Daniel Haaksman, fondateur du label Man Recordings, a publié un nouvel ouvrage qui retrace l’histoire musicale et sociale de Rio de Janeiro à travers 50 chansons couvrant plus d’un siècle. Intitulé It Began in Ipanema, le livre dépasse l’imagerie carte postale de la ville pour mettre en lumière des titres issus des favelas, de la vie nocturne et des courants politiques souterrains.
Deux décennies de relation avec Rio
Le lien de Haaksman avec la ville a débuté en 2004, lorsqu’un ami lui a rapporté des CD de funk carioca depuis le Brésil. « J’ai été tellement subjugué par cette musique que j’ai décidé de prendre l’avion pour Rio et d’aller la découvrir par moi-même », raconte-t-il. Ce premier séjour a donné naissance à la compilation Rio Baile Funk: Favela Booty Beats. Depuis, il s’est rendu à Rio une vingtaine de fois, a collaboré avec de nombreux artistes carioca et a sorti de nombreux disques de Rio sur Man Recordings. « Musicalement, c’est la ville la plus excitante pour moi ; à chaque visite, je découvre de nouveaux disques et de nouveaux artistes. »
Construire la bande-son d’une ville
Haaksman explique que si des classiques comme « The Girl from Ipanema » et « Chega De Saudade » sont largement connus, il a cherché des chansons qui révèlent des aspects moins visibles de Rio. « Pour éviter les vues de carte postale, je me suis intéressé aux chansons qui dévoilent des facettes de la ville que les classiques ont tendance à occulter », précise-t-il. Il compare la structure du livre à un set de DJ : « Les classiques sont là, mais on ne leur laisse pas tout le travail à eux seuls ; les vraies révélations arrivent souvent dans les disques que personne ne connaissait. »

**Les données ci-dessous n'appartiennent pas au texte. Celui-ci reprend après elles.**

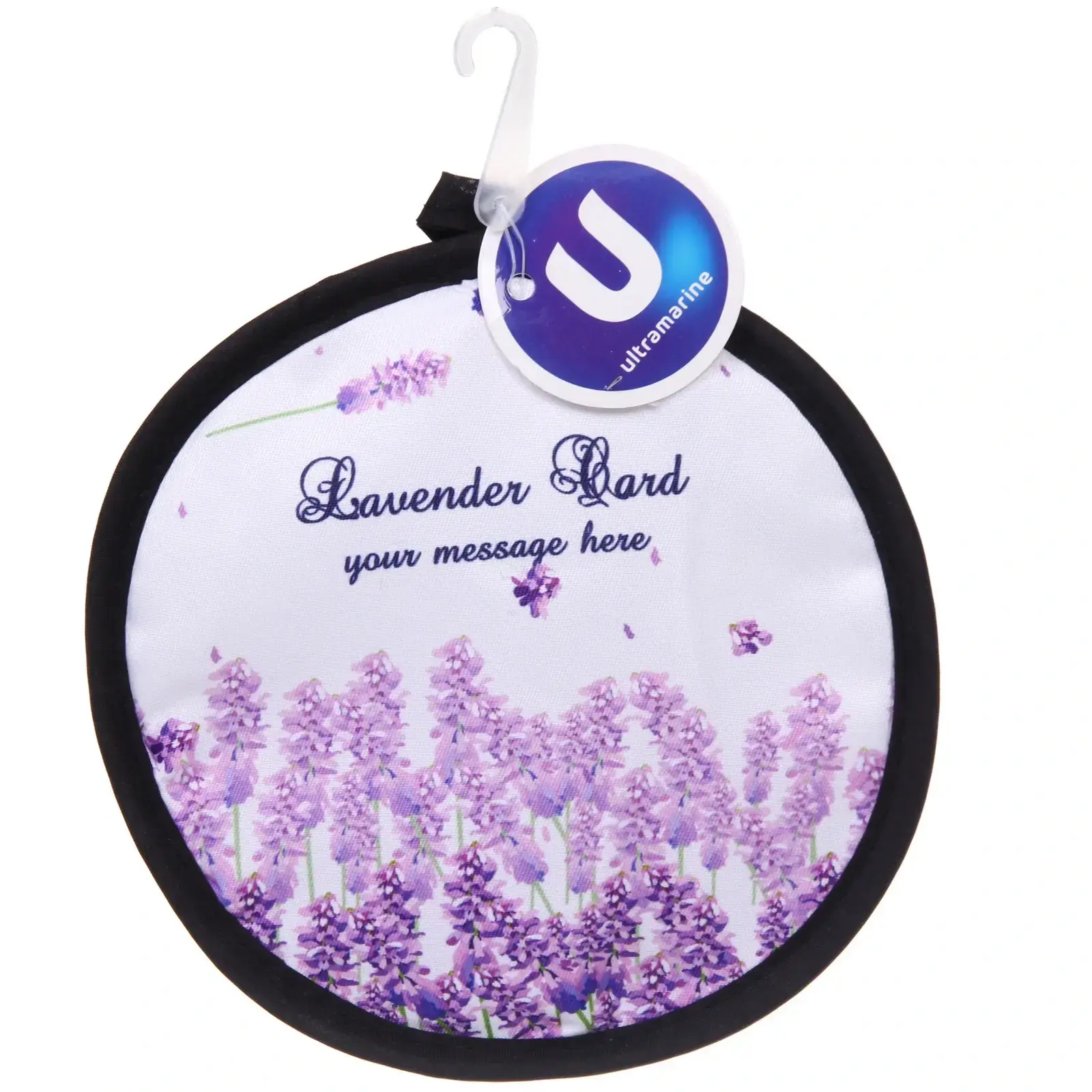 Прихватка выполнена из полиэстера, что гарантирует её жаростойкость и легкость в уходе. Белый фон с фиолетовыми цветами лаванды и черной окантовкой делает её универсальной для любого интерьера. Размеры и точные характеристики не указаны, но форма варежки обеспечивает удобство в использовании.
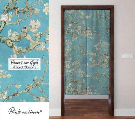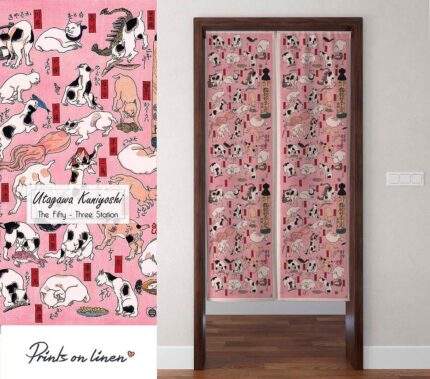 Noren curtains, traditional Japanese fabric dividers hung between rooms, on walls, in doorways, or in windows. They have one vertical slits cut from the bottom allowing for easier passage or viewing. These noren door curtains can give a room your own unique style. This home decor are ideal to create good Feng Shui environments, being used in homes, businesses and restaurants. Exclusive pattern printed on one side organic linen fabric.
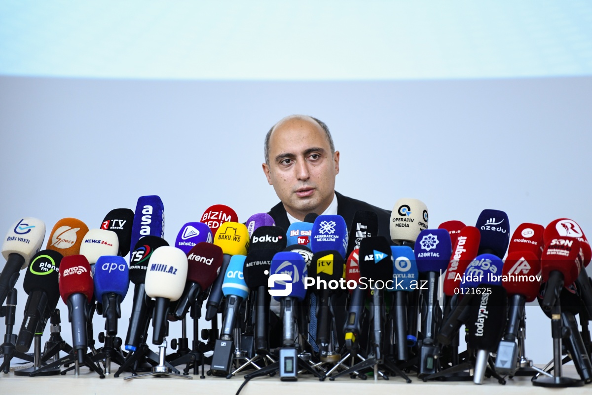 Yeni tədris ili ilə bağlı brifinqdə çıxış edən Azərbaycan Respublikasının Elm və Təhsil naziri Emin Əmrullayev.
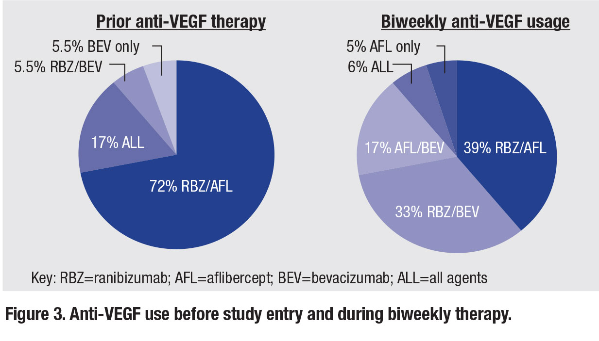 anti-VEGF agent combinations used prior to and during biweekly therapy.
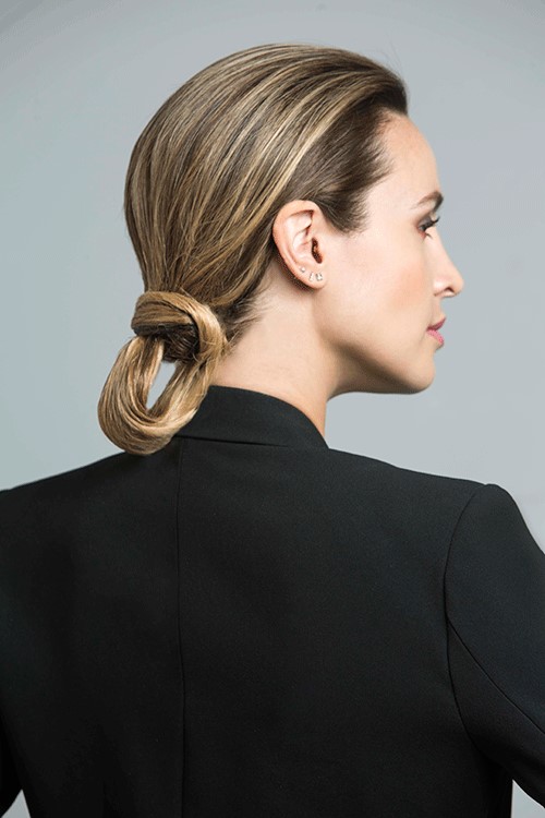 Con un giro al moño de bailarina y a la coleta baja, esta propuesta es ideal ya que, el baile de formas está asegurado con un cabello que se mueve con sutileza por estructuras sencillas y fáciles de llevar. Bajo el denominador común menos es más, los recogidos rinden culto a la naturaleza de los grandes clásicos: el moño bajo y la coleta.
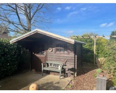 Der liebevoll angelegte Garten mit gepflegten Grünflächen lädt zum Entspannen ein. Ein geräumiges Gartenhaus bietet zahlreiche Nutzungsmöglichkeiten, ob als Hobbyraum, Atelier oder persönlicher Rückzugsort.

Parmi ses sélections, il met en avant des titres comme « Sala De Recepção » de Cartola, qui reflète la densité des réseaux sociaux dans la vie des favelas ; « Copacabana Saida » de Junior Mendes, qui capture la liberté de la vie nocturne à Copacabana au début des années 1980 ; et « Santo Amaro » de Quarteto Em Cy, dont les lignes vocales épousent les reliefs géographiques et sociaux d’une favela.
Mettre au jour des histoires cachées
Haaksman souligne plusieurs autres titres qui évitent les clichés de Rio :
- « Eu Sou O Rio » de Black Future : un témoignage de la fin des années 1980 à Rio, lorsque le quartier de Lapa est devenu une zone d’expérimentation de croisements musicaux après que la dictature militaire a desserré son étau.
- « Flamengo » de DJ Edgar : une réinterprétation baile funk de 2007 de l’hymne du club de football Flamengo, déconstruite sur un sampler MPC pour devenir un incontournable des pistes de danse.
- « Barra, Shopping, Gasolina E Celular » d’Ivo Meirelles : une réflexion sur le matérialisme de façade d’une nouvelle classe moyenne apparue dans le quartier de Barra durant le premier mandat présidentiel de Luiz Inácio Lula da Silva.
Pourquoi Ipanema ?
Pour beaucoup de gens hors du Brésil, la première rencontre musicale avec le pays s’est faite à travers « The Girl from Ipanema », l’une des chansons les plus diffusées de l’histoire. « Par la plage d’Ipanema et le son de la bossa nova, la musique brésilienne est entrée dans la conscience mondiale », souligne Haaksman. Le titre du livre, reconnaît-il, est légèrement trompeur : « Pour les gringos, tout a commencé à Ipanema, mais le véritable laboratoire musical de Rio a toujours été et reste les favelas. »
Politique et violence en chanson
Haaksman indique n’avoir abordé qu’ brièvement les complexités politiques de Rio, ayant trouvé peu de chansons offrant aux étrangers un éclairage clair sur la politique locale. Le livre comprend des chapitres sur « Interlúdio Chico Buarque » de Putodiparis, qui traite de la brutalité du trafic de drogue ; « Rap Das Armas » de Cidinho E Doca, qui aborde la violence armée dans les favelas ; et « Rap Do Silva » de MC Bob Rum, qui examine la discrimination contre la culture funk et les dures réalités sociales.